For this failure and for no other fault
Here we are lost, and our sole punishment
Is without hope to live on in desire.
Dante Alighieri, The Divine Comedy

THE SURGICAL INTENSIVE CARE UNIT lies beyond a set of wood-paneled double doors with narrow windows. There’s an intercom mounted on the wall. I press the button and wait. A few seconds later a woman’s voice replies through the small, tinny speaker. “May I help you?”

“My name is Yelena Gorgo,” I say through the thick mask strapped over my nose and mouth. “My brother is Jack Moreau. I was told he was on this floor. I should be on the list.”
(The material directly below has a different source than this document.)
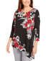 JM Collection Women's Embellished Asymmetrical Tunic Black Size Petite Small
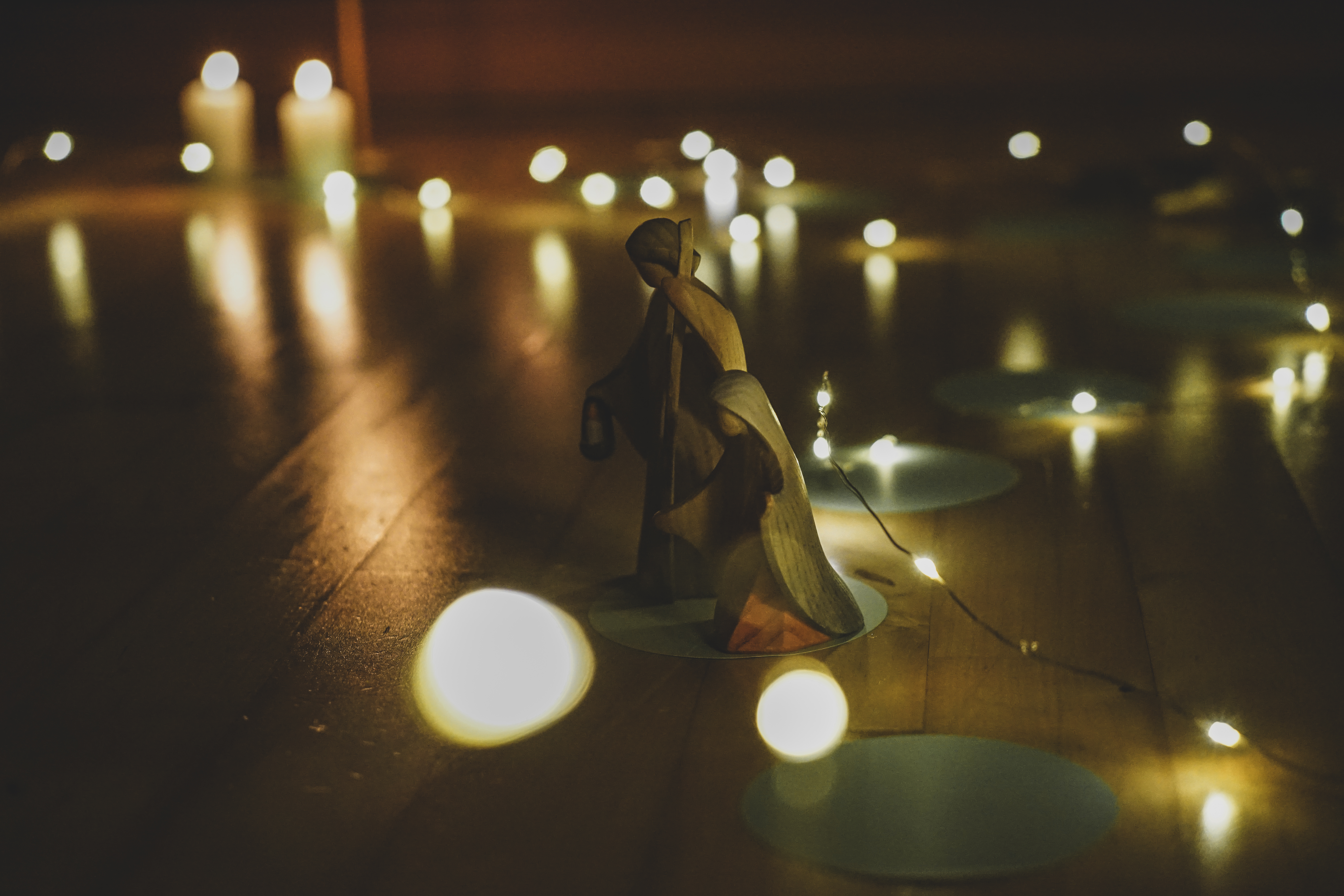 Wir legen kleine Papierkreise als geschwungenen Weg zur Krippe (oder dorthin, wo an Heilig Abend die Krippe aufgestellt wird) und stellen Maria und Josef auf den ersten Kreis. Jeden Tag dürfen die Kinder die beiden Figuren ein Stückchen näher zur Krippe rücken. Auch die Hirten und ihre Tiere nähern sich langsam aus verschiedenen Richtungen. So wächst unsere Vorfreude jeden Tag ein bisschen – bis am Heiligen Abend alle zusammen sind und das Jesuskind endlich in der Krippe liegt.

The automatic doors release and open toward me. A nurse approaches before I can cross the threshold. She’s wearing blue scrubs, a hair net, shoe covers, gloves, safety glasses and an N95 mask.

“Hello,” she says with an unexpected perkiness for seven in the morning while craning her neck backward to look up at me. “I’m Megan, your brother’s critical care nurse. Come this way. I’ll take you to him.”

I follow her though the doors and down a wide hallway. Patient rooms are on the left, beyond floor-to-ceiling glass windows, sliding doors, and curtains shielding the darkened rooms from view. The medical station is ahead on the right, where a crew of nurses and doctors are huddled around monitors or engaged in conversation.

I say, “Can you tell me anything about his condition?”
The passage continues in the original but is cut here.